Billy Porter is reportedly in line to play Cinderella’s Fairy Godmother in an upcoming big-screen musical adaptation.
According to The Hollywood Reporter, the Pose and Kinky Boots star is currently in talks to sign on to the Sony Pictures musical adaptation of Cinderella.
The outlet reports that Porter would join a cast that former Fifth Harmony singer Camila Cabello, set to play the lead role of Cinderella.
The project, which is being produced by James Corden, is described as a modern re-imagining of the classic fairy tale.
The Pose star is on his way to an EGOT.
Porter’s pivot to cinema comes after he picked up an Emmy for his acclaimed portrayal of Pray Tell in trans ballroom drama Pose.
The actor previously won a Tony Award in 2013 for his role as drag queen Lola in Kinky Boots, also receiving Grammy Award for the show’s soundtrack – putting him just one Oscar away from becoming the first out queer person of colour to achieve EGOT status.

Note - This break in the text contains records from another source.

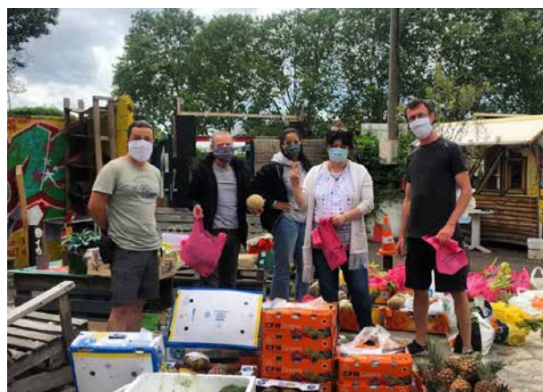
Collecte de dons

L'Asso Sobarjo est une association qui, malgré la crise actuelle et les nouvelles réglementations liées à celle-ci, ne cesse de s'adapter et continue d'offrir aux Vitriote-e-s des activités dans le respect des règles sanitaires.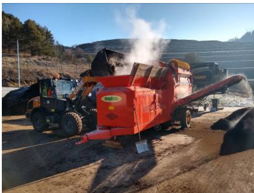
Triedenie kompostu – Separátor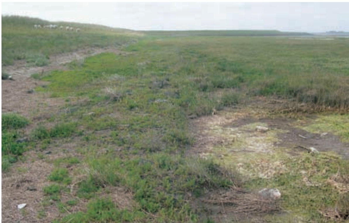
Foto 38 Proefstrook 30, Dortsman: een duidelijke strook met afwijkende begroeiing. Het is in het veld moeilijk te zeggen of de afwijking komt door de aanwezigheid van veek of dat het een effect is van de werkstrook (volgens luchtfoto's wel).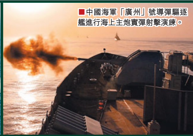
■中國海軍「廣州」號導彈驅逐艦進行海上主炮實彈射擊演練。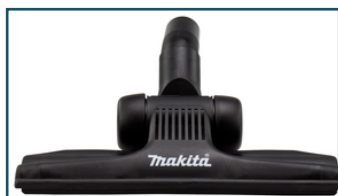
Vloerzuigmond (1 stuks) - 199455-5 - 0088381539692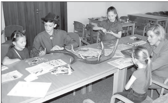
V prvním patře byla pro nejmladší návštěvníky připravena v mysliveckém koutku soutěž v malování, děti poznávaly druhy zvěře a rostliny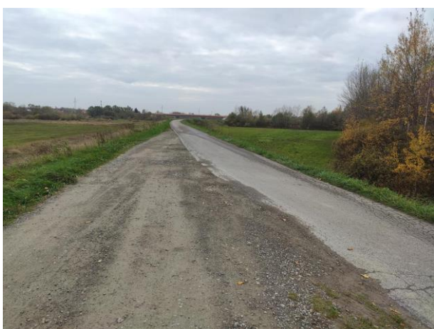
Zdjęcie nr 4: Skrzyżowanie – dr. szutrowa i dr. asfaltowa, przebiegające górą wałów.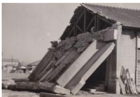
30cmもある防火壁が中央で倒壊し通路をとぎす。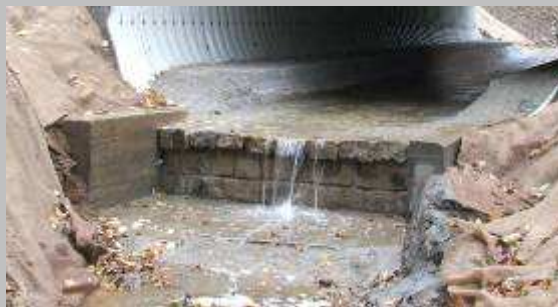
■ Úprava koryta potoka na výtoku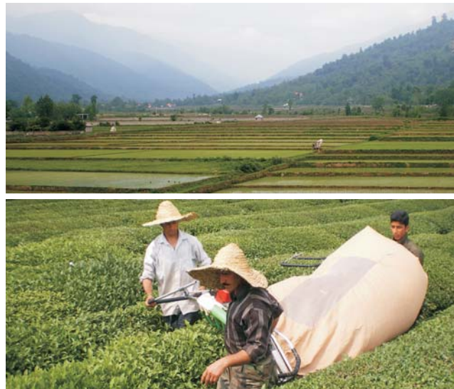
Reisanbau (oben) und Teeplantagen (unten; Ernte) bei Fuman

dieser Folder wurde CO 2 -neutral hergestellt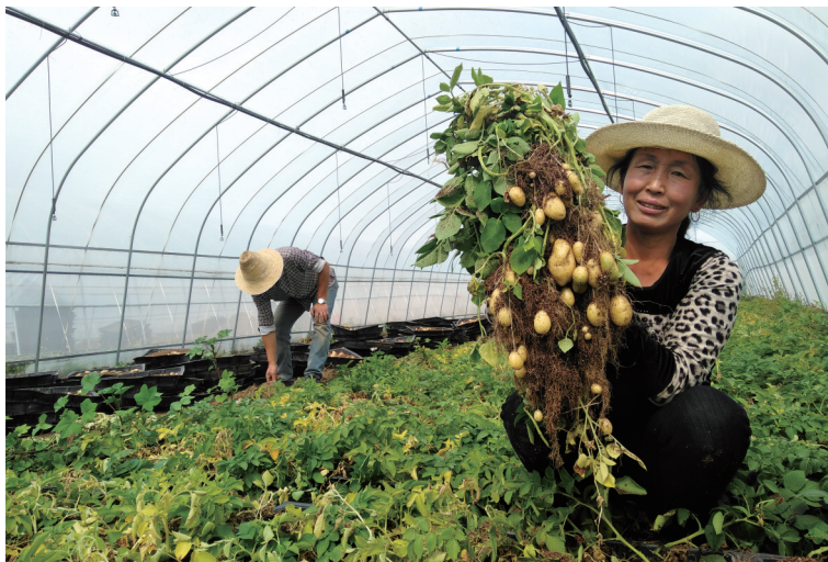
微型薯种植成为德胜村的“得胜”法宝,图为村民喜获丰收的情景。

“火车跑得快、全靠车头带,脱贫攻坚的火车头就是党支部。”近年来,村党支部和驻村扶贫工作队一道,精准制定脱贫攻坚思路举措,争取项目、引进企业、联系市场,带着群众闯出产业发展新路子。德胜村2018年换届后,村“两委”成员由原来的4人增加到现在的8人,力量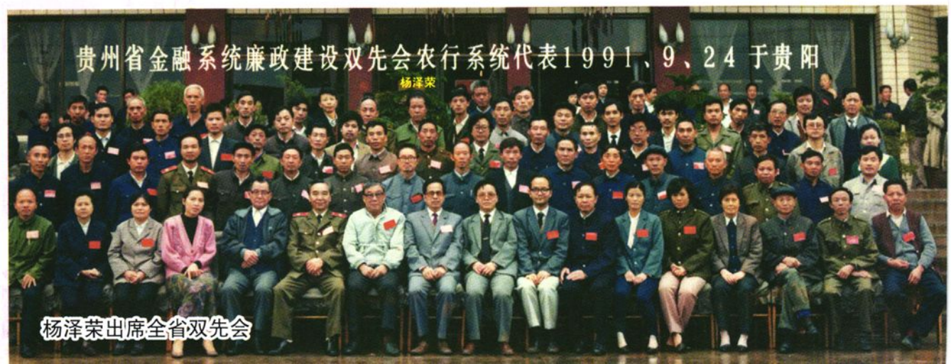
贵州省金融系统廉政建设双先会农行系统代表1991、9、24于贵阳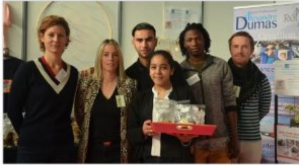
Le LEP Dumas sur la foire pour présenter son projet Madagascar.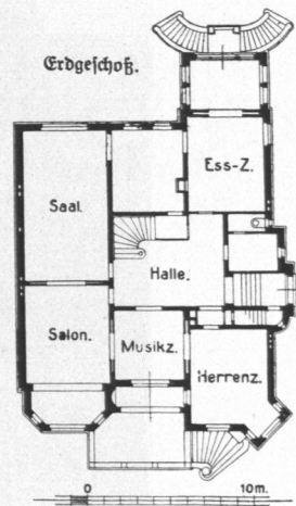
Abb. 1006 und 1007. Haus Zfermann, Bellevue, erbaut 1897 durch Architekt Hugo Groothoff, B. D. U. Baukosten 147000 Mark, für das Kubikmeter umbauten Raumes 33 Mark.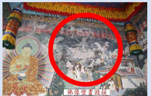
屋頂及佛像壁畫多處毀損現況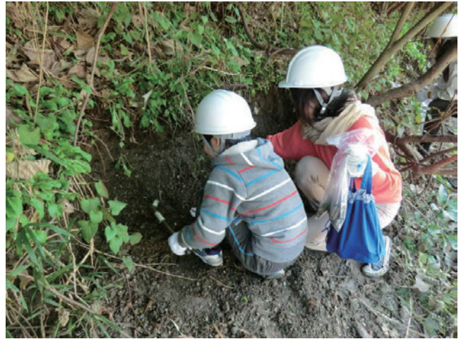
第3図 ねじり鎌で露頭を削る参加者親子（観察地点1）。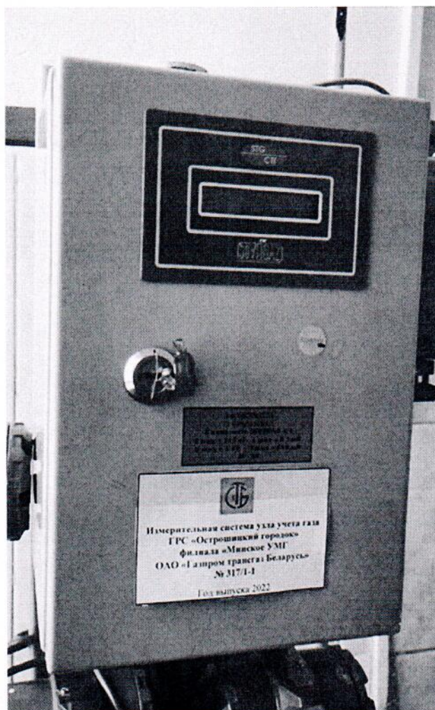
Рисунок 1.1 – Фотографии общего вида ИС УУГ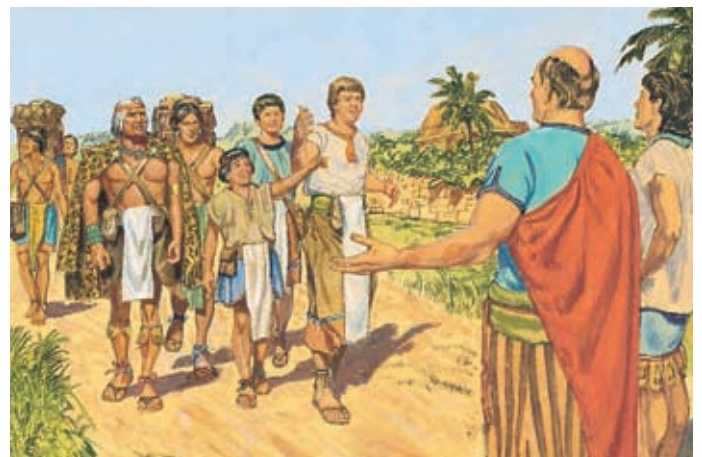
Die Nephiten in Zarahemla gaben Ammon und seinem Volk das Land Jerschon und beschützten sie dort. Sie wurden gute Freunde. Alma 27:22,23.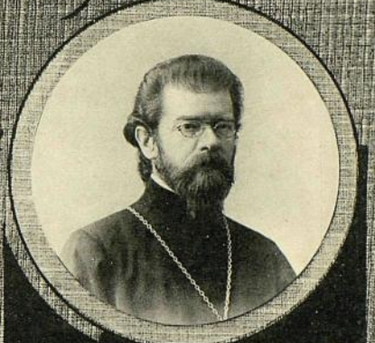
от К.К. ВОЛКОВЪ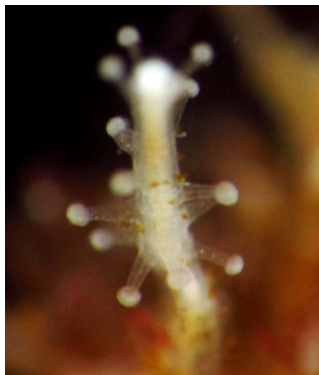
Ejemplar de Coryne cf. exhimia (2,3 mm). Colectado en un embarcadero de Pucusana

En este último caso, se reportaron algunas Chrysaora plocamia en fase medusa, pero no en las cantidades que se observaron en 2012; además, no se tuvieron noticias sobre muertes de vertebrados superiores marinos, como en la ocurrencia de 2012, teniendo en aspecto un panorama bastante normal; los especímenes colectados fueron conservados y depositados en el Museo de Historia Natural “Vera Alleman Haeghebaert” para posteriores estudios.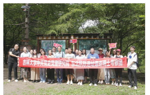
研学参观(博士考察团)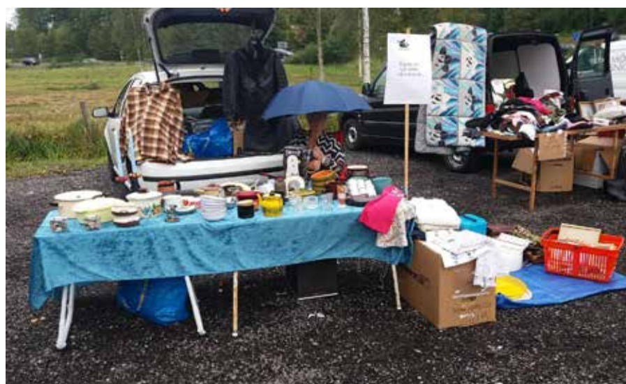
Ute eller inne, i regn eller solsken, på Kattstallet eller en bakluckeloppis. Loppisgruppen är alltid redo för kattarnas skull.

Många som handlar på loppisen bär också med sig gåvor att lämna in. Det är alltid lika uppskattat. Det har även hänt att människor testamenterat hela sin kvarlåtenskap till Kattstallet. Det kan röra sig om både pengar och ett helt hem fyllt med prylar. Då gäller det för loppisgruppens volontärer att kavla upp ärmarna och sortera ut godbitarna. Smycken, kristallkronor och andra dyrgripar ger rejält klirr i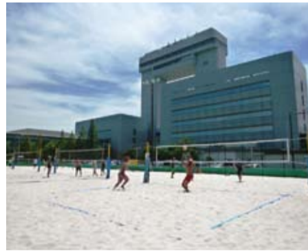
25年7月から4面になったビーチバレー場(川崎区東扇島)

▲ 学生の大会など利用者の増加への対応から、コート数を増やすための改修工事を行っており、25年7月末から市民の利用が可能となるよう整備を進めていく。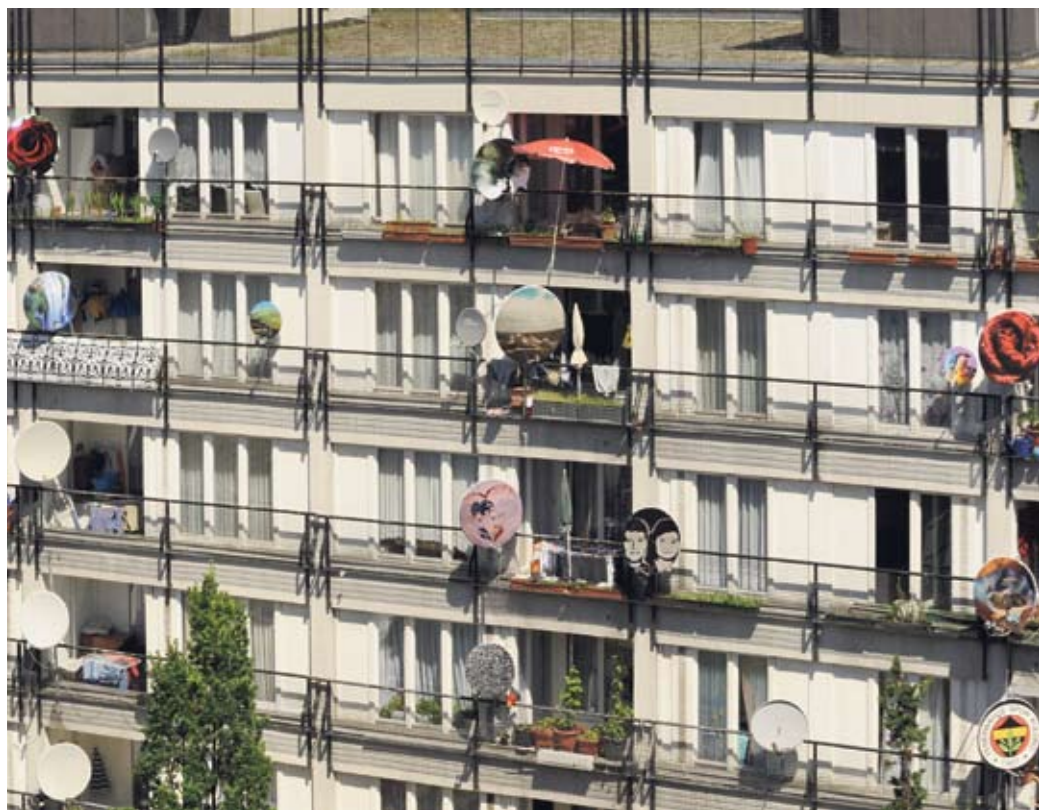
Die Bewohner/innen des Pallasseums senden via "Satellite" von innen nach außen.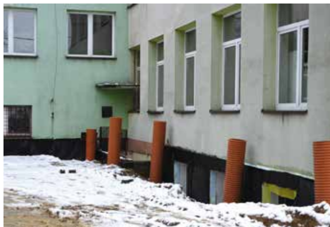
Wkrótce zakończą się prace polegające na odwodnieniu.

Wykonawcą zadania jest Konsorcjum w składzie: Firma Remontowo-Budowlana SELBUD z Warszawy i Firma Remontowa STENBUD ze Staszowa. Prace potrwają do lipca 2023 roku, a ich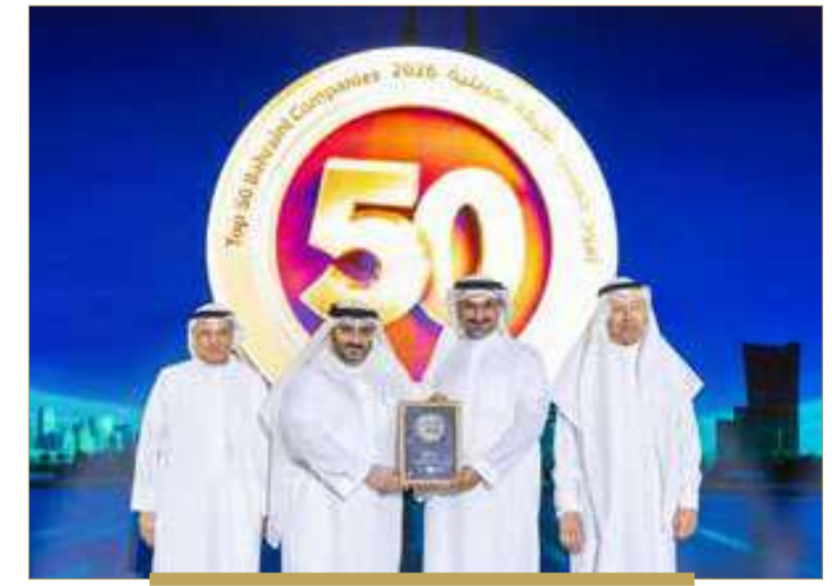
شركة ملة الخليج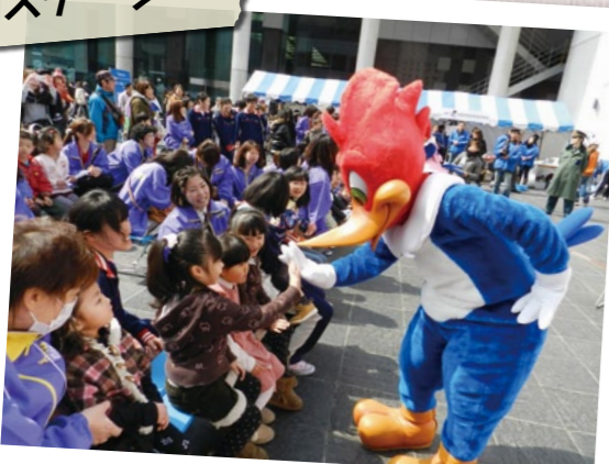
人気キャラクターの登場で、こどもたちも大はしゃぎ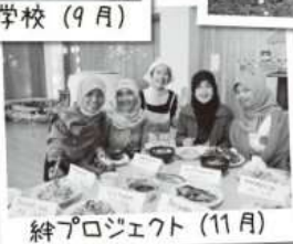
絆プロジェクト (11月)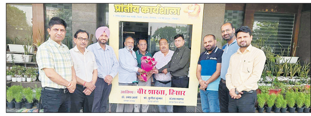
रतिया : जानकारी देते हुए शाखा के सदस्य।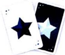
Les cartes VOTE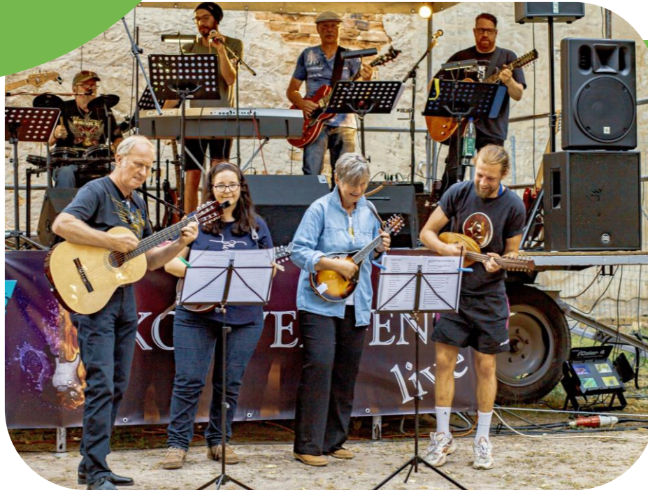
Auftritt als „Begleitact“ während eines Musikkonzerts in Bad Schmiedeberg

Neben Auftritten in der Dübener Heide, verschlug es einen Teil der Mandolinenspieler im November 2020 zum Jazzfest nach Berlin. Der Auftritt konnte live im TV verfolgt werden.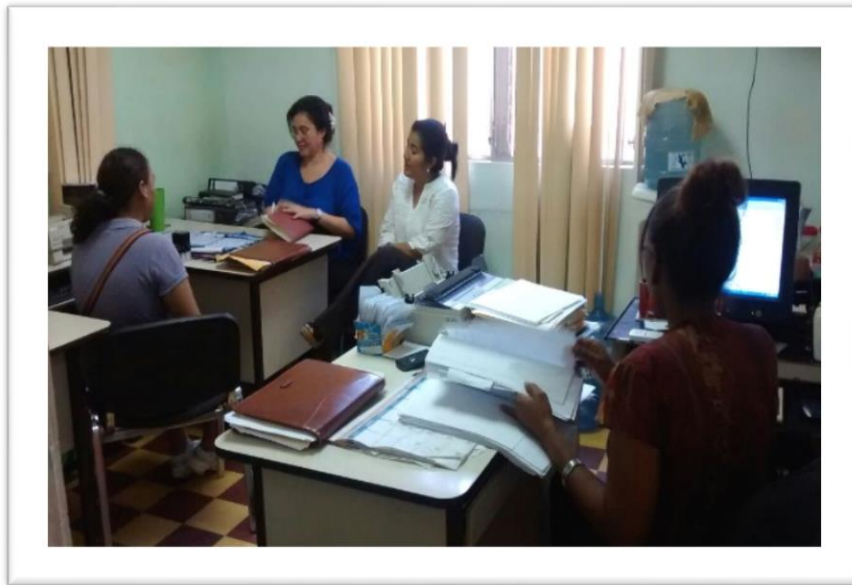
Fotografía: Atención a usuarias UDM

La Unidad de Desarrollo de la Mujer se estructura como tal en febrero de 2005.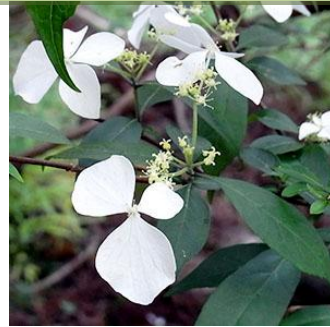
ガクウツギ：装飾花の大きさがばらばらなのが特徴です。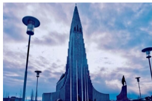
哈尔格林姆斯教堂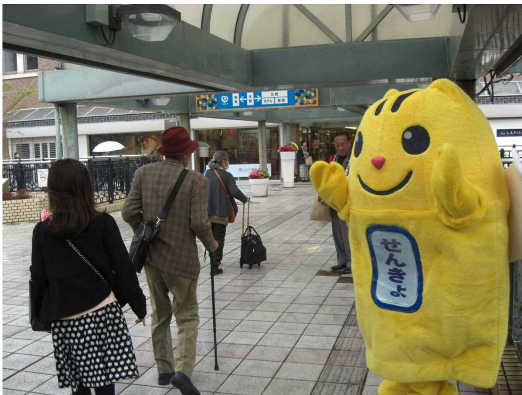
「選挙のめいすいくん」の着ぐるみを使った啓発の様子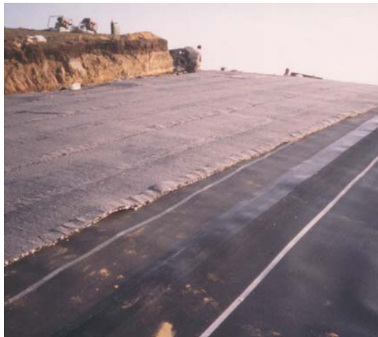
Copertura di discarica

And if ‘Fairy Godmother Billy Porter’ doesn’t have an Academy Award for Best Supporting Actor written all over it, we don’t know what does.
Speaking at the Emmy Awards in September, he told the crowd: “The category is love, y’all, love!”
He referenced the American American playwright and activist James Baldwin in his acceptance speech, explaining: “James Baldwin said, it took many years of vomiting up all the filth that I had been taught about myself, and halfway believed, before I was could walk around this earth like I had the right to be here.
“I have the right, you have the right ― we all have the right!
“We, as artists, are the people who that get to change the molecular structure of the hearts and minds of the people who live on this planet. Please don’t ever stop doing that. Please don’t ever stop telling the truth.”
Billy Porter: Queer people of colour face award discrimination.
The actor previously said queer actors of colour face a “double layer” of discrimination when it comes to be passed up for major roles.
Speaking at a Hollywood Reporter roundtable, he said: “It’s the layer of being a person of colour in this industry, and the other layer of being a queen.
“No one can see you as anything else,” he said. “If ‘Flamboyantly…’ wasn’t in the description of the character, no one would see me ever, for anything, which wouldn’t be so enraging if it went the other direction, but it doesn’t.
“Straight men playing gay, everyone wants to give them an award. Thank you for gracing us with your straight presence. That gets tiresome.”